XABF and I were tickled to find we both shared the same dream of owning our own horse farm. I embarked on that dream with him in tow and I was so hopeful. I sold my condo, financed a large plot of land, mortgage the construction, and started doing all the interior work myself, I was shocked to find that not only did he worm his way out of doing all but a small bit of work, he spent most of his time spitting drunk. I worked a full time job to support us and spent my evenings and weekends working on the house. He spent his time calling in sick to the one-day-a-week job he had, drinking himself stupid, and running up huge bills looking at online porn all day.

By the time I realized a small part of what was going on, I was too far into construction and owed too much money to turn back and get back enough to pay the bank.

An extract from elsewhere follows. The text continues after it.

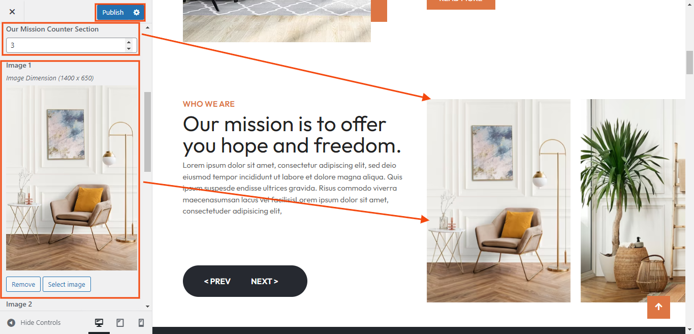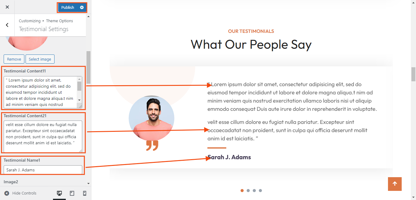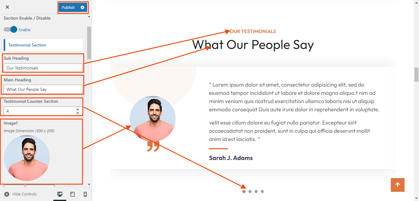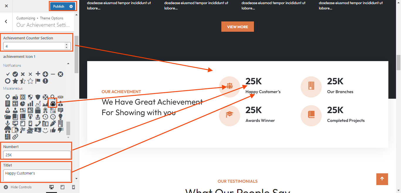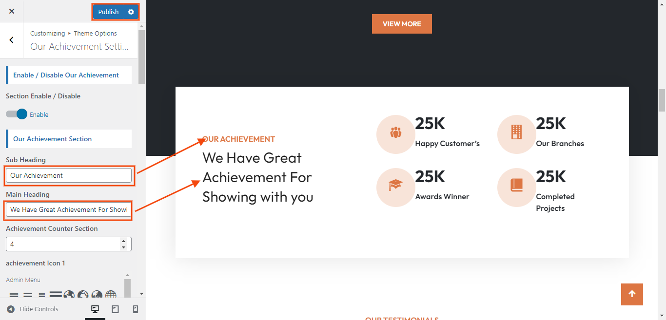 You can set sub heading, main heading and text for section. You can also set Counter Section the image for each testimonial settings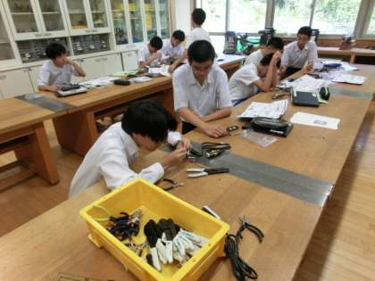 今日の課題は、「安全点検をしよう」です。エネルギー変換の技術について学習した後、安心テーブルタップを製作しました。

Needless to say the house had to be auctioned off, and I filed bankruptcy a year later.

After that his greatest excuse for drinking himself to death was the loss of his dream of owning a farm. WTF??? The dream he did nothing for? The dream I built with my own to hands and had to auction off for pennies? The dream that he helped destroy by binge drinking so much of my savings away and avoiding gainful employment?? Yeah, that's the one.

When he started crying about his dream of living in Ireland never coming true, I decided to call his bluff. I agreed to financially support him so he could go over as a student and live there for three months to see if he liked it. We found a school and housing. I even did the research on citizenship for him. All he had to do was get a passport and agree to get on the plane. When he refused all efforts to get him to apply for a passport and couldn't tell my why, I told him I never wanted to hear about his damn dreams again because he clearly had no real interest in ever actually reaching them. It was just another ******** thing to whine about and drink over.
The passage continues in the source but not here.